I’m looking for help and advice. I didn’t start this blog to gain followers. I began the blog as a way to publicly blackmail myself into moving ahead with my art. (Don’t get me wrong, it is nice when you learn that someone cares to read your ramblings. In my case way too personal ramblings, but there’s no looking back, only moving forward) It worked for a year, and then I fell back into old habits and worse yet the land of self-doubt.  So here I sit getting older by the second (I think I can actually feel a wrinkle forming), and still trying to gain the confidence to succeed. Here’s where you come in, the person who has decided to take five minutes to read my thoughts. I’ve been a stay at home mom for a good portion of my life. Now the kids are gone, but I’ve spent twenty plus years living by their schedule. From school to after school activities, vacations, and bowing to (almost) their every need and whim, I think I’ve forgotten how to schedule myself. I need to structure my day, which when you work at home can be difficult. There is always a bathroom to clean, laundry to do, meals to prepare, etc.

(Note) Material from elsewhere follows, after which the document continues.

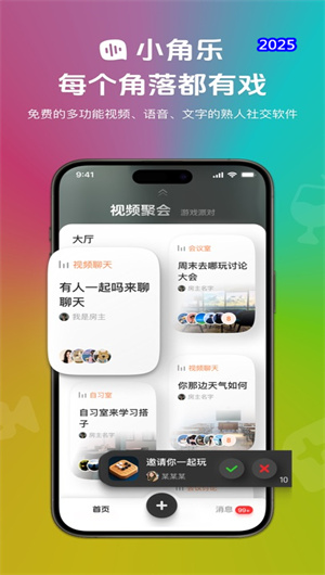 从"休闲娱乐"到"工作学习",小角乐提供针对不同场景的优化模式。"娱乐派对"增强互动趣味性,"商务会议"提升沟通效率,"学习小组"强化专注氛围。每种模式都配有专属功能套装和界面设计,满足用户多样化需求。

I make lists of things I want to accomplish artistically in a date book. A date book that I purchased last December that quite frankly has very little written in it. Does anyone out there work at home? How do you manage your time? How do you ignore the dirty socks and paint instead? How do you fit in time for friends, grocery shopping, and doctor’s appointments? Despite my best intentions I can’t seem to walk though my house back to my studio without stopping to clean. It isn’t that there’s a lot to do, and there are only two of us here, (well, five if you count the three cats, needless to say cat hair tumbleweeds abound). With no clock to punch, or school bell to answer I’m at a loss. I’d appreciate any advice.FullSizeRender(13)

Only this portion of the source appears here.